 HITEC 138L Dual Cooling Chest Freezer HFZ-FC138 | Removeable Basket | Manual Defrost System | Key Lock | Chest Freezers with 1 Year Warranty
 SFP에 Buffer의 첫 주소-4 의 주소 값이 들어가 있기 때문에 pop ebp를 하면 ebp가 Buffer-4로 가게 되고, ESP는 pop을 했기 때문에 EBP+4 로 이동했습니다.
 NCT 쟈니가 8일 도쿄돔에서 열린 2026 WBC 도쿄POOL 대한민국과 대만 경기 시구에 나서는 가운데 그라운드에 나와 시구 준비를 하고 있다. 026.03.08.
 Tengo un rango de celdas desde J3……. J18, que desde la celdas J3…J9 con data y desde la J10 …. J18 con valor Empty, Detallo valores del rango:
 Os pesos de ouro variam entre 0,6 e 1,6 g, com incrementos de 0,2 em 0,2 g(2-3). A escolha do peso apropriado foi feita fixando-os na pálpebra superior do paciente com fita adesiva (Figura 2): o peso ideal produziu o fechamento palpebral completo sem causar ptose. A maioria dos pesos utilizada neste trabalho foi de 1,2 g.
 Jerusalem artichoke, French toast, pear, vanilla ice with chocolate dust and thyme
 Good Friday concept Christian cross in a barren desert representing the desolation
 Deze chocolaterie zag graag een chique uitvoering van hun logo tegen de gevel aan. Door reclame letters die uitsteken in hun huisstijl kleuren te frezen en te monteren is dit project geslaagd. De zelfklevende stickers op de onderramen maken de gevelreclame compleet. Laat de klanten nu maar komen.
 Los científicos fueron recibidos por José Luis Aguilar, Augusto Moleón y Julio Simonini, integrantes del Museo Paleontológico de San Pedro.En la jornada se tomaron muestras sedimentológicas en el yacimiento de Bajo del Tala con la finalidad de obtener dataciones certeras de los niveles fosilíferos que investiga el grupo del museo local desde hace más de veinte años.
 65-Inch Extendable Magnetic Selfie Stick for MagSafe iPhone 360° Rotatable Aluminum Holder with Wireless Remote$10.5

* * *

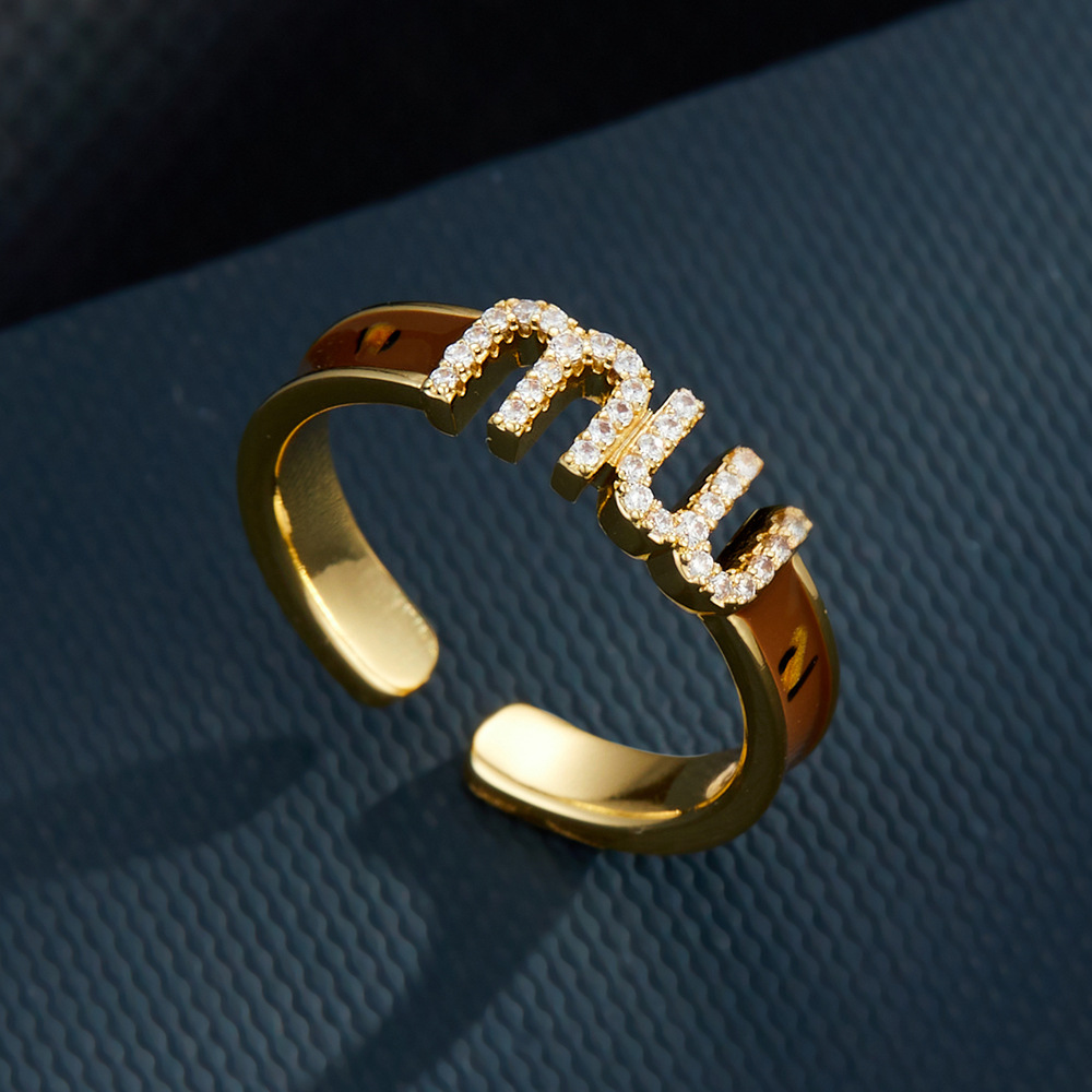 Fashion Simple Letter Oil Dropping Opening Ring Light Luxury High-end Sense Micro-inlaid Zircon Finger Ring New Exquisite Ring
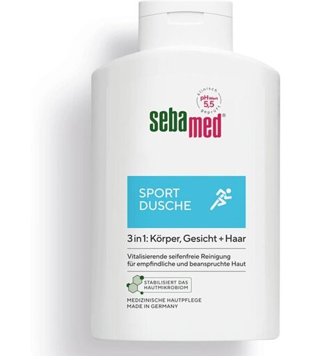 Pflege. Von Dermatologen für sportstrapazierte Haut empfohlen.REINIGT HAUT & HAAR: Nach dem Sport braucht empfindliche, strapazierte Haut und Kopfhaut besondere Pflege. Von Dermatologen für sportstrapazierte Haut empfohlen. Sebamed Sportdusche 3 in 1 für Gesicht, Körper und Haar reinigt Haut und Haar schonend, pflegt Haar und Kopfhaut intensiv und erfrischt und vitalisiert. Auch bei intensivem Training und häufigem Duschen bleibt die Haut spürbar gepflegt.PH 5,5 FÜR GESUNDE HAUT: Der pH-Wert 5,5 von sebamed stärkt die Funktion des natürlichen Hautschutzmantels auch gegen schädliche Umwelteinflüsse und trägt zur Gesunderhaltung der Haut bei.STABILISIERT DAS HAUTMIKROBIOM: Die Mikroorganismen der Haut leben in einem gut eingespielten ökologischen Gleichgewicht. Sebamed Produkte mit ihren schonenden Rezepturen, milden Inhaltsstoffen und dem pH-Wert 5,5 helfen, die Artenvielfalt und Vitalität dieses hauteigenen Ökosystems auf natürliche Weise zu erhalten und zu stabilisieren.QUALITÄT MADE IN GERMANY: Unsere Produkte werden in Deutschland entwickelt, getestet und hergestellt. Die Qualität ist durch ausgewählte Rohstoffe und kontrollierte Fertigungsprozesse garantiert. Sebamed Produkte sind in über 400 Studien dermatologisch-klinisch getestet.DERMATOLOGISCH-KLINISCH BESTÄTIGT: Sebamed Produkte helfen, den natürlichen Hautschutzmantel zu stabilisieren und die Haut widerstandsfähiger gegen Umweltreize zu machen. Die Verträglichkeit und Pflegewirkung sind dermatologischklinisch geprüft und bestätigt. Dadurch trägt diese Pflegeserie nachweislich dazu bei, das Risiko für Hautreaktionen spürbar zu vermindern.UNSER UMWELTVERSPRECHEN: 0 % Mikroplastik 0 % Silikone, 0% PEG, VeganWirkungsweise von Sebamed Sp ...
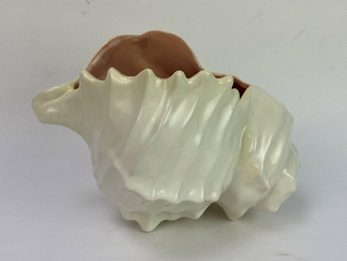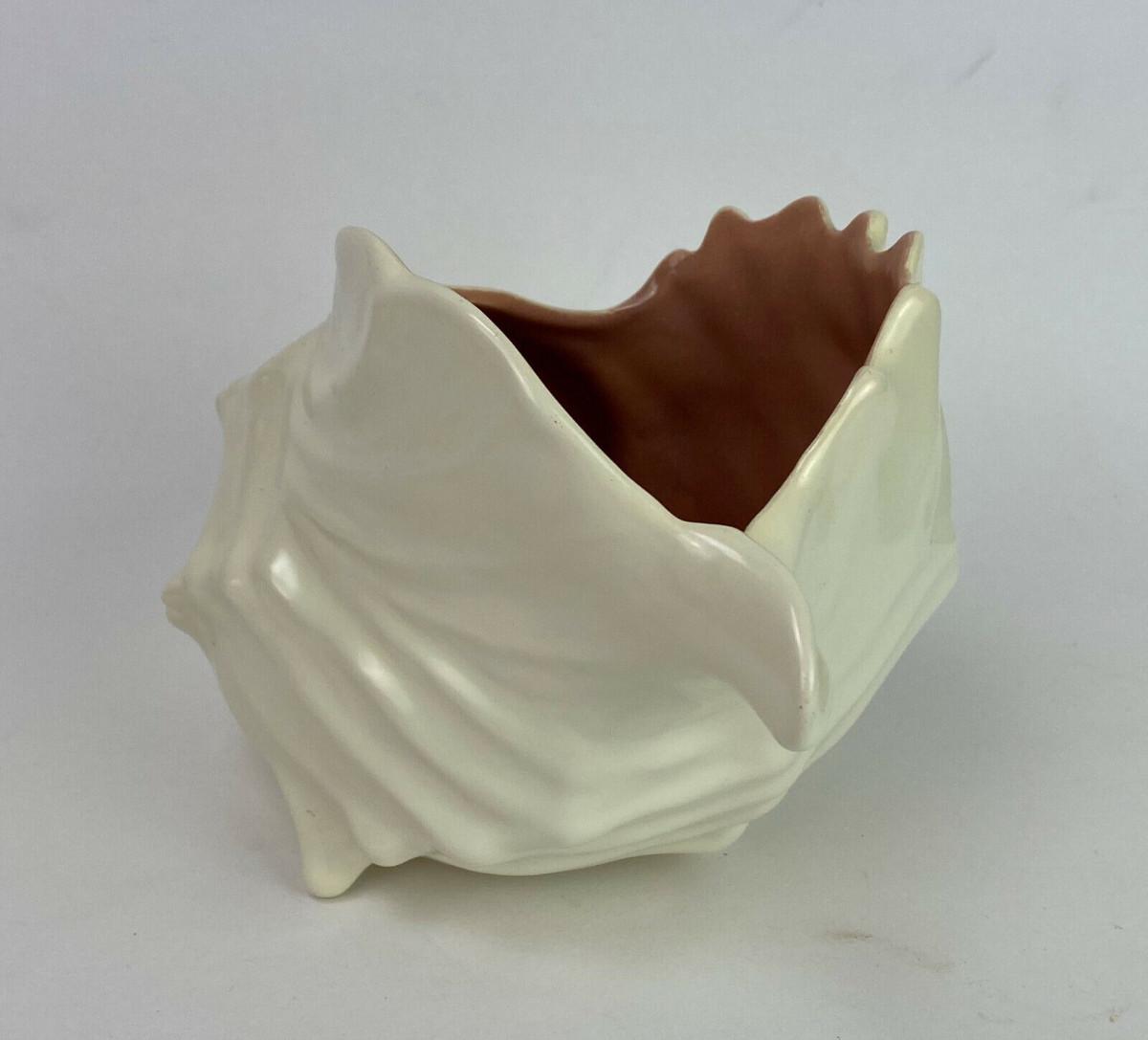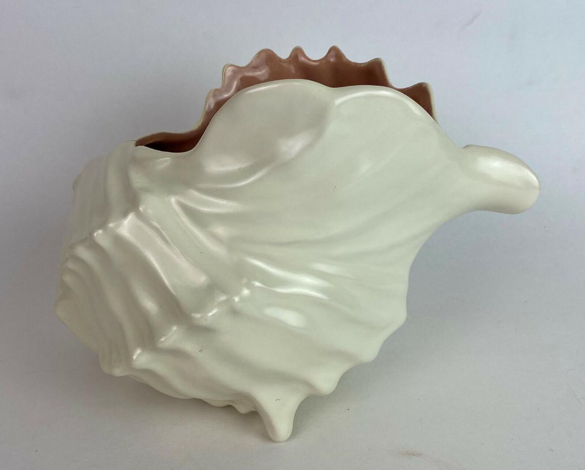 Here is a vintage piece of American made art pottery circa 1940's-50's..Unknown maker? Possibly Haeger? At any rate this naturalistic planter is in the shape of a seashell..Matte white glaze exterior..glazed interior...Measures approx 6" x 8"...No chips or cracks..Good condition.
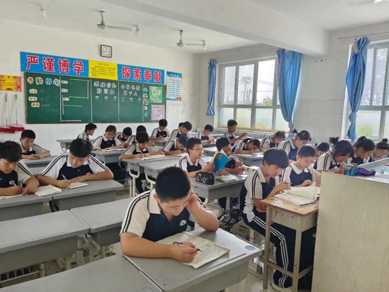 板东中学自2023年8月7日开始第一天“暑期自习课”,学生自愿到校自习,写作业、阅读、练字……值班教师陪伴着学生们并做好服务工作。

WHAT YOU ARE ASKED TO DO: Here the job is to set down exactly the lines of the material above that fall between the one with "HITEC 138L Dual" and the one with "SFP에 Buffer의 첫", inclusive, and nothing beyond them.

WRITTEN ANSWER:
 HITEC 138L Dual Cooling Chest Freezer HFZ-FC138 | Removeable Basket | Manual Defrost System | Key Lock | Chest Freezers with 1 Year Warranty
 SFP에 Buffer의 첫 주소-4 의 주소 값이 들어가 있기 때문에 pop ebp를 하면 ebp가 Buffer-4로 가게 되고, ESP는 pop을 했기 때문에 EBP+4 로 이동했습니다.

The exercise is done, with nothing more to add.